Sample size calculation

According to the pre-experimental results, we used PASS 16.0 software (PASS Software, Amsterdam,Netherlands) to calculate the sample size. A sample of 41 patients with SCOPD and 41 patients with AECOPD, achieves 81% power to detect a difference of 0.15 between the AUC under the null hypothesis of 0.70 and an AUC under the alternative hypothesis of 0.85 using a two-sided z-test at a significance level of 0.05. In order to achieve better prediction effect, we enrolled a sample size of more than 41 in each group, ultimately including 66 patients with AECOPD, 45 with SCOPD, and 42 healthy controls.

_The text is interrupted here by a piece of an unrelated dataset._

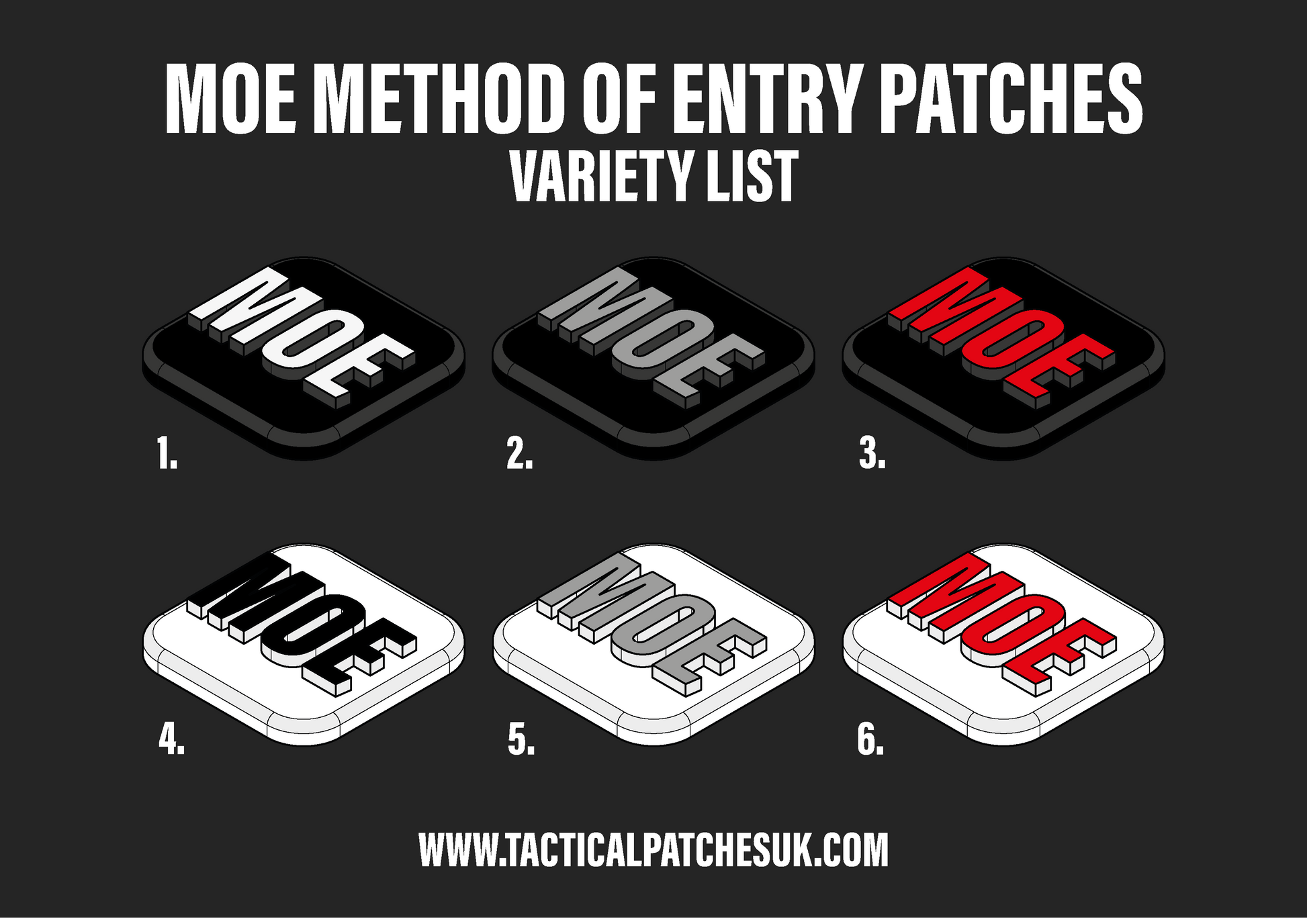 These MOE - Method of Entry Velcro Patches Velcro patches are a perfect addition to your tactical kit! Sized at 2.5cm x 2.5cm they are the perfect size for adding some style to your gear! Made from PLA 3D Printed Plastic, the patches are strong, waterproof and easy to clean. Available in multiple colour options you get to choose your style.

Clinical data and blood sample collection

Demographic data, tobacco exposure history, underlying diseases, comorbid conditions, symptoms, exacerbation frequency in the previous year of the subjects were recorded and recruited. All patients underwent high-resolution computed tomography (HRCT) scans within 7 days before hospitalization and emphysema were documented. Blood samples were collected for laboratory tests within 24 h of admission, placed in the vacuum tubes containing coagulant and separating gel (SEKISUI, Osaka, Japan), and immediately centrifuged at 3000 g for 10 min. The serum was isolated into Eppendorf tubes and stored at − 80 °C until analysis. CRP and lactate dehydrogenase (LDH) were tested by latex immunoturbidimetric assay kit on Beckman Coulter AU2700 (Beckman Coulter, California, America), PCT was detected by electrochemiluminescence assay on a Roche E401 (Roche Diagnostics, Mannheim, Germany).

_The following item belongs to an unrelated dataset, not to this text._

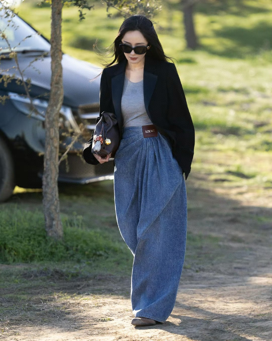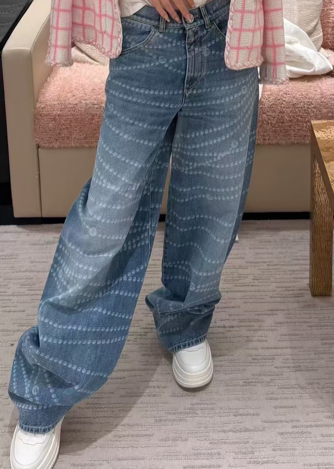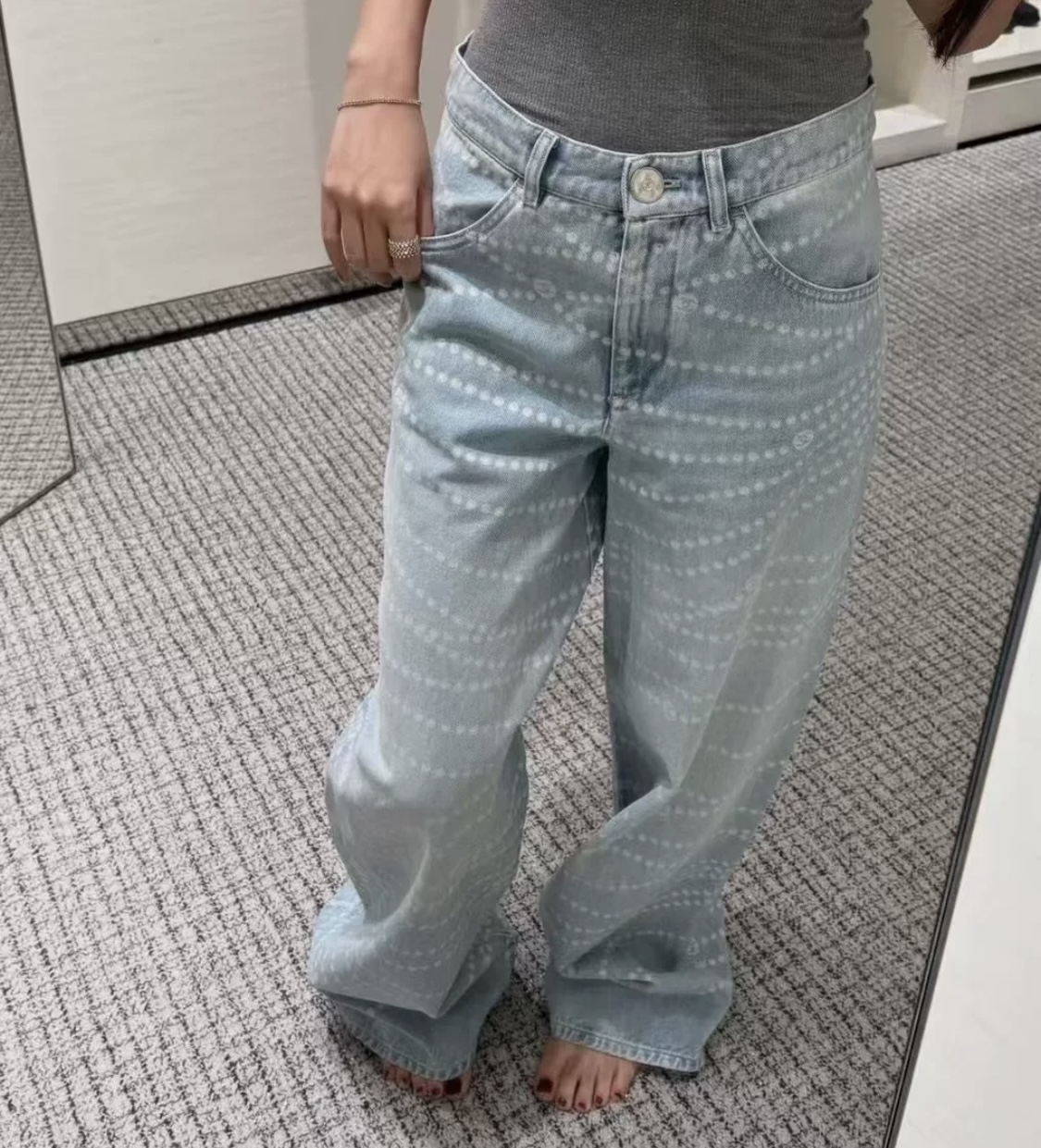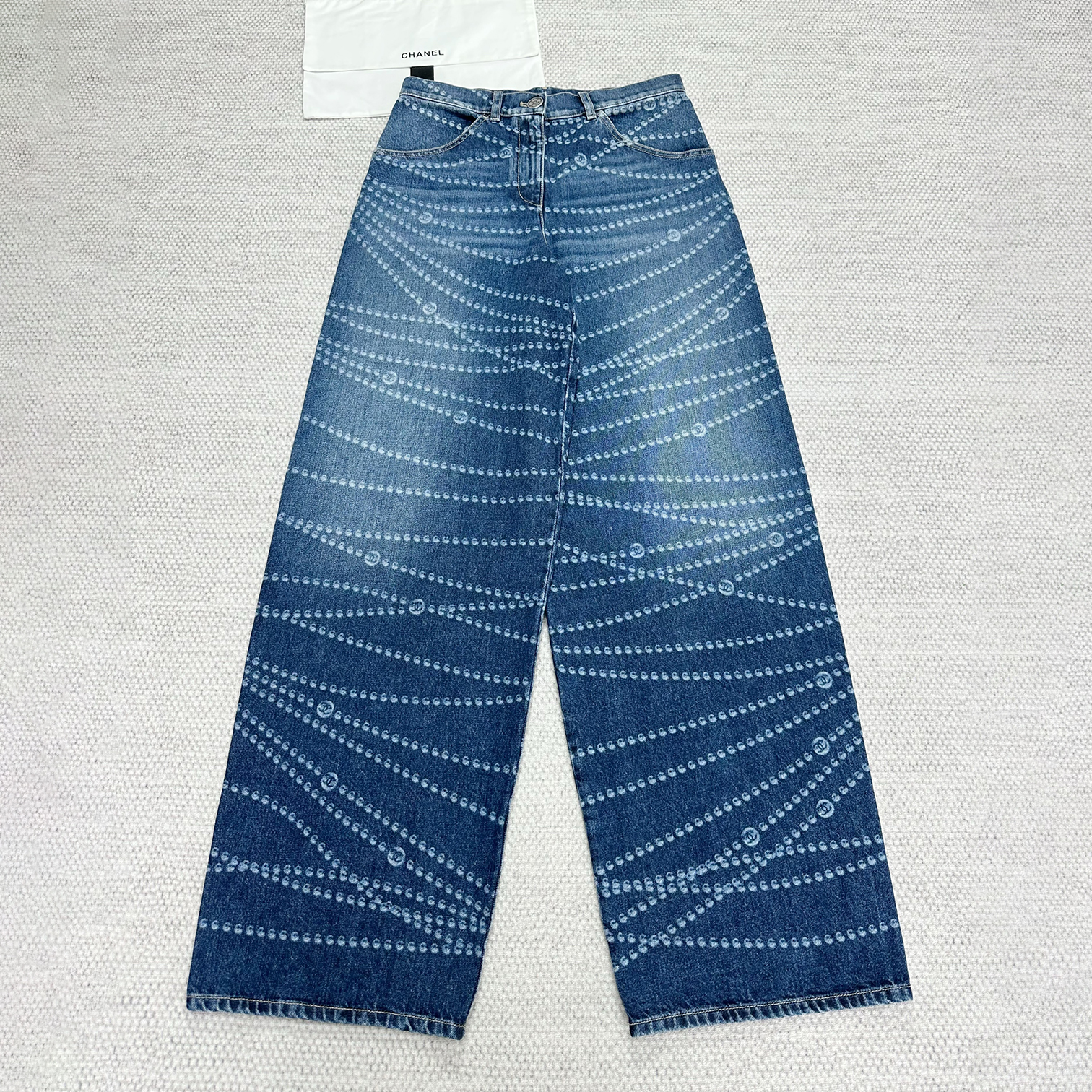 NIGO Chanel Women's Chain Printed Zipper Casual Wide Leg Pants Four Seasons Loose Cotton Denim Trousers Pants #nigo76228

Complete blood counts and leukocyte differential counts were detected by Sysmex XN 9000 (Sysmex Corporation, Kobe, Japan) within 2 h using EDTA anticoagulated blood samples.

Harvest and isolate of serum exosomes

The serum exosomes16,17,18 were isolated using supercentrifugation (L-90KL-80XP, Beckman Coulter, California, America). Briefly, the serum samples were first centrifuged at 2000 g for 30 min to remove died cells and debris, then centrifuged at 100,000 g for 70 min, supernatant was discarded. The sediment was washed by 1 ml phosphate-buffered saline (PBS) and were centrifuged at 100,000 g for 70 min19, supernatant was discarded and the remaining was mainly serum exosomes. Finally, serum exosomes were resuspended with 200μL PBS for identification and RNA extraction.

Identification of serum exosomes

Transmission electron microscopy (TEM) The exosome pellets were fixed in 3% (w/v) glutaraldehyde and 2% paraformaldehyde in cacodylate buffer, and loaded to copper grids that coated with formvar. After that, copper grids were washed, contrasted in 2% uranyl acetate, and dried, then examine by TEM (Morgagni 268D, Philips, Holland).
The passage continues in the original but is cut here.